*PROBLEM REQUIREMENTS:* When you reach the line containing "Bei dem Kirchengebäude", begin reproducing the material exactly, stop after the line containing "Зимняя женская шапка", and leave out any pictures along the way.

*INPUT:*

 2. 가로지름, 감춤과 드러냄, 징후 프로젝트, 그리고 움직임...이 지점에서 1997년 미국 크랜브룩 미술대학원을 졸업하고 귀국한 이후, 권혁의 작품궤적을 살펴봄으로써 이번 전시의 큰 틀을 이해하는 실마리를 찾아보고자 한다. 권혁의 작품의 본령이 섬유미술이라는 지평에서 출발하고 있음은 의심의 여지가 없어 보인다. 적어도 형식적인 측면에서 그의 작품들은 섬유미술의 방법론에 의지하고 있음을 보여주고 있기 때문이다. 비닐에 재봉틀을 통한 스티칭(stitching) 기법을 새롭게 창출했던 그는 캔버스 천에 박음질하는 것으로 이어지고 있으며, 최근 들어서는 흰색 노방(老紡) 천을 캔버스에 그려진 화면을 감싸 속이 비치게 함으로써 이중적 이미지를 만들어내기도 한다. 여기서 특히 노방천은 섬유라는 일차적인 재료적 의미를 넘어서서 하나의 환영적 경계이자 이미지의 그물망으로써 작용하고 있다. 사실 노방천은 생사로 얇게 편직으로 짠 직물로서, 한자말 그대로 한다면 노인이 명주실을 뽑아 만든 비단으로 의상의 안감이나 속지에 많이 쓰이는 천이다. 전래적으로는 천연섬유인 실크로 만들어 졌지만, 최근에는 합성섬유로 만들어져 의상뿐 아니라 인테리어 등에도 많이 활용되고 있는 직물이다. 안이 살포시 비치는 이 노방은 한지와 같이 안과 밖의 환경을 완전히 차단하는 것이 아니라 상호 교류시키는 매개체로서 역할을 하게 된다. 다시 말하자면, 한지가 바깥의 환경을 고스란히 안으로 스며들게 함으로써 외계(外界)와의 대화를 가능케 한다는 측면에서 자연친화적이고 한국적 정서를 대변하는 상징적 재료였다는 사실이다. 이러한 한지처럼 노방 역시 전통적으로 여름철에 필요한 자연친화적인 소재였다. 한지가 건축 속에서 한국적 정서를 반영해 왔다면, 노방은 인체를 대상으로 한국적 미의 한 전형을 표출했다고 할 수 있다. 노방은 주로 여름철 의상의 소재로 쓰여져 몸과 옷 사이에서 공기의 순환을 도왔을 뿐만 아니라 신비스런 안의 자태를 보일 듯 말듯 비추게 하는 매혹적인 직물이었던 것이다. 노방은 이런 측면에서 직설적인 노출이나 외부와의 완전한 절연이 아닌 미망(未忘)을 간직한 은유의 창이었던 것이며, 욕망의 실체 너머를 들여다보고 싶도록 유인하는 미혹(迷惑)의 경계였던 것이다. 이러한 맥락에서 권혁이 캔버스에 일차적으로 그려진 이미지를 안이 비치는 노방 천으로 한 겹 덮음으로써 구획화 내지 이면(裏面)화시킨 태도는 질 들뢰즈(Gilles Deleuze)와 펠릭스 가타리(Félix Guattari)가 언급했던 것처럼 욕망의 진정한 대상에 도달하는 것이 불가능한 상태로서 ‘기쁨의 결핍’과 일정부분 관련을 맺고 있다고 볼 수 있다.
---
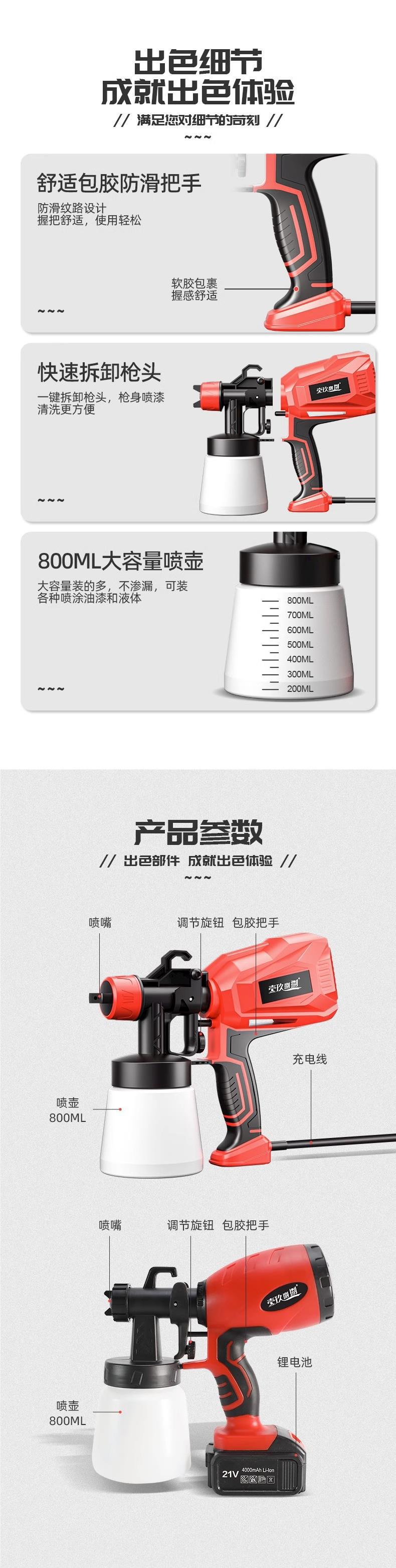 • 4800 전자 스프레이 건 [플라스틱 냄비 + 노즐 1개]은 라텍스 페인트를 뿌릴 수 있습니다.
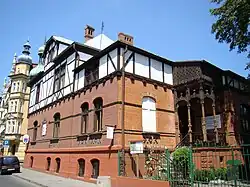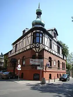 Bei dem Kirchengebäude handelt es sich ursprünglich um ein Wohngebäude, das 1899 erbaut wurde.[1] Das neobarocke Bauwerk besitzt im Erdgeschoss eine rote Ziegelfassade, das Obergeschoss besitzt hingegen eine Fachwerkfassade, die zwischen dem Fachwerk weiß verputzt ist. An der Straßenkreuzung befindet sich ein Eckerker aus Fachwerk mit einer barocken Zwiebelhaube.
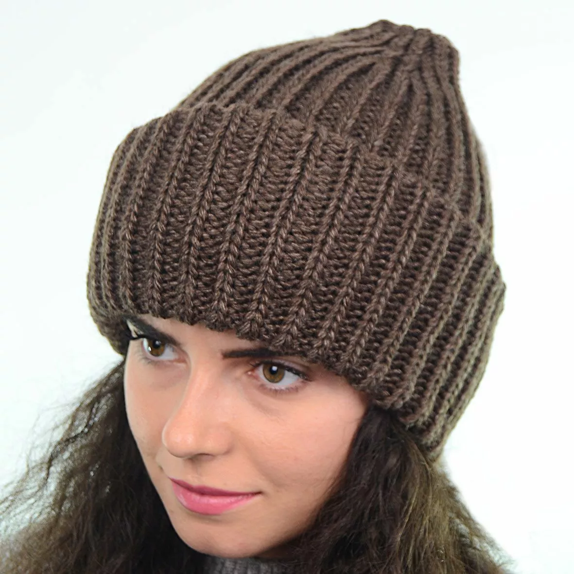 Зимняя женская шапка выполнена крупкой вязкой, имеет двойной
==
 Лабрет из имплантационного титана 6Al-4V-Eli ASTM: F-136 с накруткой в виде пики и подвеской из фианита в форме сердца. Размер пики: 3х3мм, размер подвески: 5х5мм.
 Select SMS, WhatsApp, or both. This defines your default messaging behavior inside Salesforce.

*FINISHED EXERCISE:*
 Bei dem Kirchengebäude handelt es sich ursprünglich um ein Wohngebäude, das 1899 erbaut wurde.[1] Das neobarocke Bauwerk besitzt im Erdgeschoss eine rote Ziegelfassade, das Obergeschoss besitzt hingegen eine Fachwerkfassade, die zwischen dem Fachwerk weiß verputzt ist. An der Straßenkreuzung befindet sich ein Eckerker aus Fachwerk mit einer barocken Zwiebelhaube.
 Зимняя женская шапка выполнена крупкой вязкой, имеет двойной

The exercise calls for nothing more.